Event summary combining transcript, slides, and related documents.

Logotype for Hydrofarm Holdings Group Inc

Q4 2024 earnings summary

24 Dec, 2025

Executive summary

  • 2024 saw notable operational improvements, but a challenging second half, especially Q4, due to industry oversupply and retail closures led to lower sales across the supply chain.

  • Net sales declined 20.9% year-over-year in Q4 2024 to $37.3M, and full-year sales fell 16% to $190.3M.

  • Strategic focus on higher-margin proprietary brands increased their sales mix from 35% in 2020 to 56% in 2024, supporting profitability in most quarters despite industry headwinds.

  • Adjusted EBITDA was negative at $(7.3)M for Q4 and $(5.2)M for the year, reflecting industry headwinds and lower gross margins.

  • Cost management initiatives led to a 16.9% reduction in adjusted SG&A for the year, with $9M in annual savings.

Financial highlights

  • Q4 net sales were $37.3 million, down 20.9% year-over-year, driven by a 16.8% decrease in volume and 3.9% decline in pricing.

  • Q4 gross profit was $1.8 million (4.9% margin), down from $8.4 million (17.9%) last year; adjusted gross profit was $3.6 million (9.6% margin), down from $11.5 million (24.3%).

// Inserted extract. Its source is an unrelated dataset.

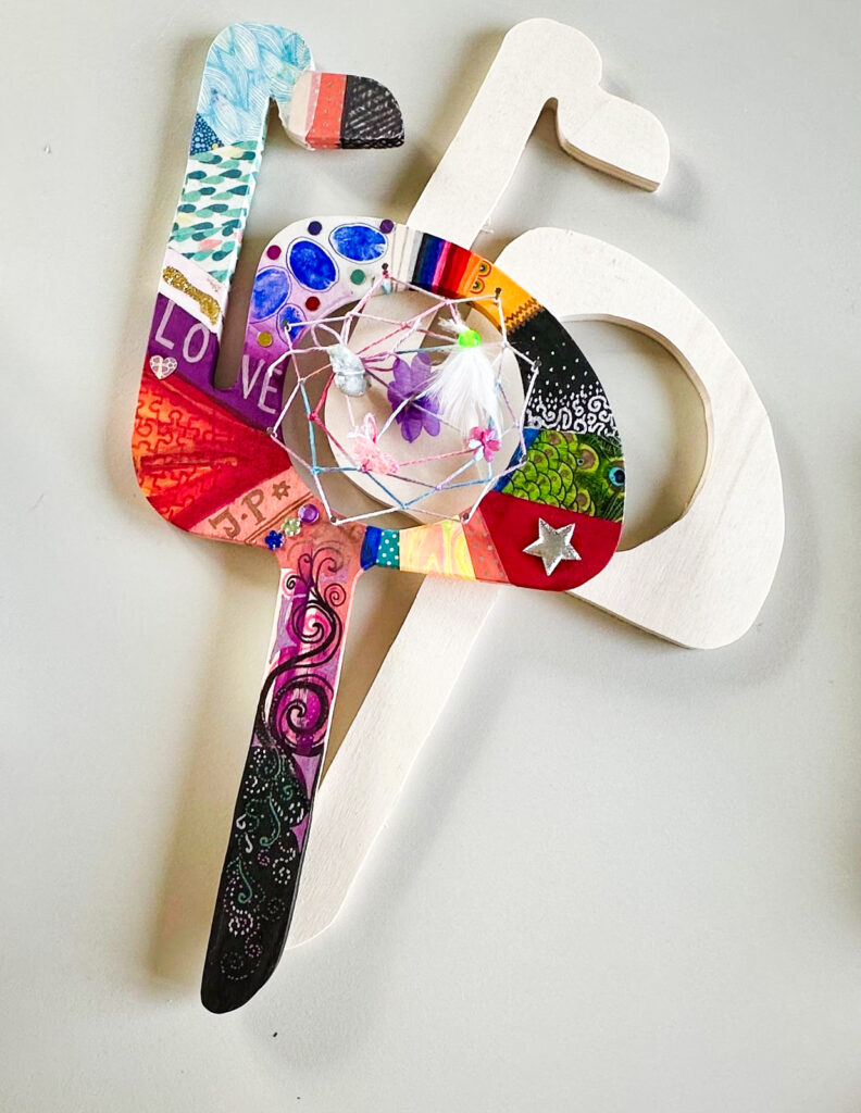 Aus den sorgfältig gefertigten Rohlingen entsteht ein persönliches Kunstwerk: Jede Familie gestaltet ihren eigenen Flamingo – bunt, individuell und voller Bedeutung. Mit Farben, Symbolen, Namen oder persönlichen Botschaften wird er zu einem Ausdruck von Hoffnung, Zusammenhalt und Erinnerung. So sind mittlerweile schon ganz einzigartige Kunstwerke entstanden, von denen einige auch unser Esszimmer schmücken. Ein kleiner Holzrohling, welcher ebenfalls von den Familien gestaltet wird und den Namen des Kindes enthält, dient als Türschild am Gästezimmer.
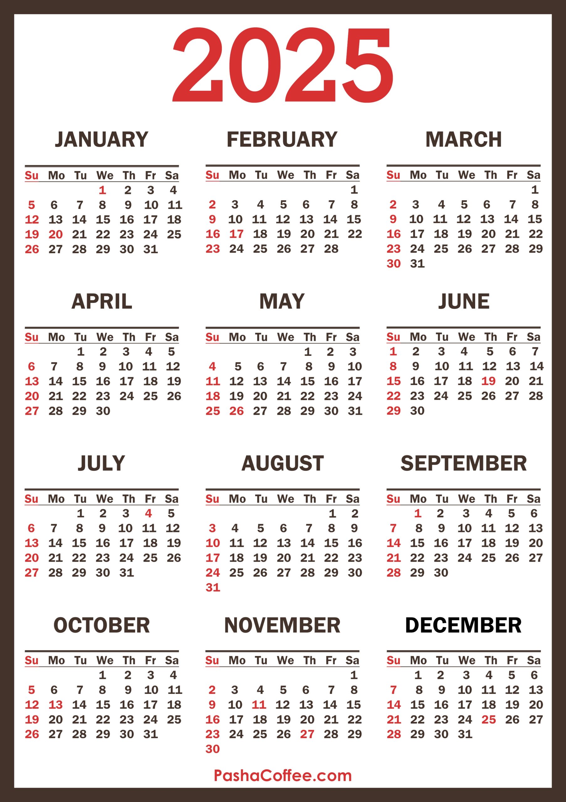 2025 Calendar With Holidays Printable Free Vertical PashaCoffee

  • Q4 adjusted EBITDA loss was $7.3 million, attributed to lower sales and gross profit, partially offset by SG&A savings.

  • Cash balance at year-end was $26.1 million, with $119.3 million in term debt and $39 million in total liquidity.

  • Q4 free cash flow was $2.4 million; full-year free cash flow was negative $(3.2) million.

Outlook and guidance

  • 2025 net sales expected to decline 10–20% year-over-year, but adjusted gross profit margin is projected to increase due to improved proprietary brand mix and cost savings.

  • Adjusted EBITDA expected to remain negative but improve versus 2024, with further SG&A reductions and operational efficiencies.

  • No significant non-restructuring inventory or receivable charges anticipated for 2025; free cash flow expected to improve.

  • Capital expenditures projected below $2M for 2025.